In this study, we de novo assembled the genome of S. himalayana. Our results showed that despite its large genome, the proteome of S. himalayana is the smallest among all sequenced angiosperms. Comparative genomic analyses revealed remarkable gene loss in S. himalayana, consistent with its reduced vegetative body. HGT events are common among endoparasitic plants and play an important role in their lifestyle adaptation. Genes involved in floral development, flowering, and FA and AAA biosynthesis were identified in the S. himalayana genome, and these genes were likely responsible for its unique body plan and special lifestyle. Our results will be of great value to future studies on the development, lifestyle, ecological adaptation, and plant–plant interactions of endoparasites.

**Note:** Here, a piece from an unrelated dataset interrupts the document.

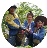
Yoddoi Organic Coffee Hill tribe coffee Thailand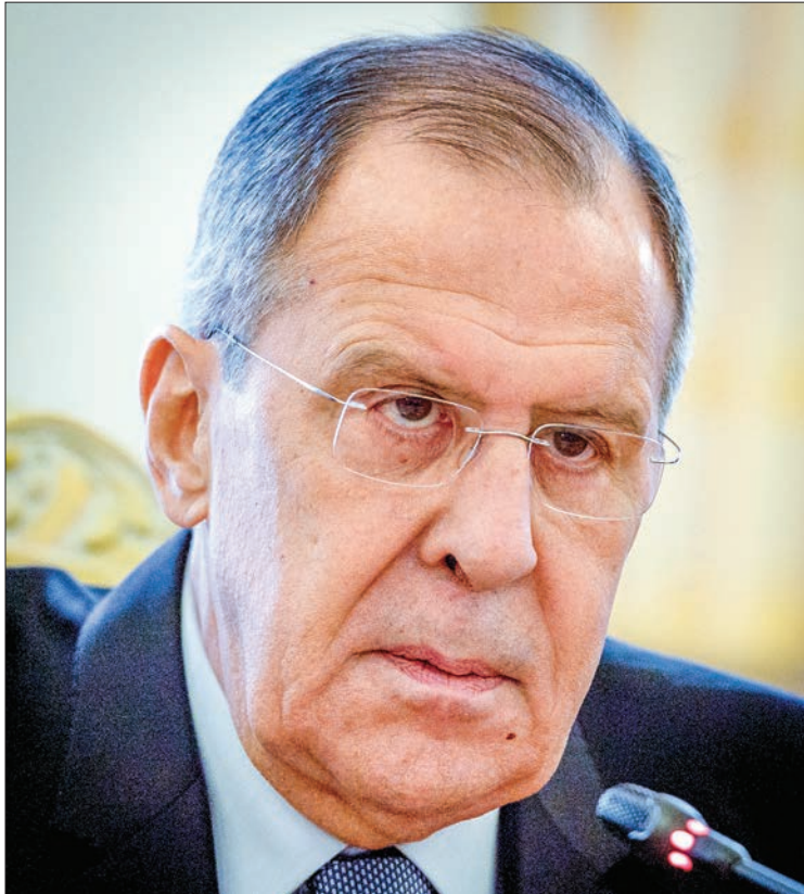
Russian Foreign Minister Sergei Lavrov.

MOSCOW, Russia — Russian Foreign Minister Sergei Lavrov on Monday suggested that the poisoning of a former double agent could benefit the British government by distracting attention from problems around Brexit.

Plant materials, DNA extraction, and sequencing

Fresh male flower buds of S. himalayana were collected in the tropical ravine rainforest of Yunnan Province, China. High-quality genomic DNA was extracted from the flower buds using DNAsecure Plant Kit. The concentration and purity of the extracted DNA were assessed using Nanodrop 2000 spectrophotometer (IMPLEN, Westlake Village, CA, USA) and Qubit 2.0 Fluorometer, and the integrity of the extracted DNA was measured using pulsed-field electrophoresis on 1.0% agarose gel. To perform long-read sequencing, a 20 kb insert size library was prepared and sequenced on the PacBio Sequel platform, which generated 353.5 Gb raw data for the assembly. To construct the 10X Genomics library, approximately 1 ng of input DNA (average length = 50 kb) was used for the GEM reaction procedure during PCR, and 16-bp barcodes were introduced into droplets. The droplets were then fractured, and the DNA library was purified and sequenced on the Illumina NovaSeq 6000 platform. To perform short-read sequencing, a paired-end library (insert size =  ~ 350 bp) was constructed and sequenced using on the Illumina NovaSeq 6000 platform. All libraries were sequenced at Novogene Technologies Corporation, Beijing, China.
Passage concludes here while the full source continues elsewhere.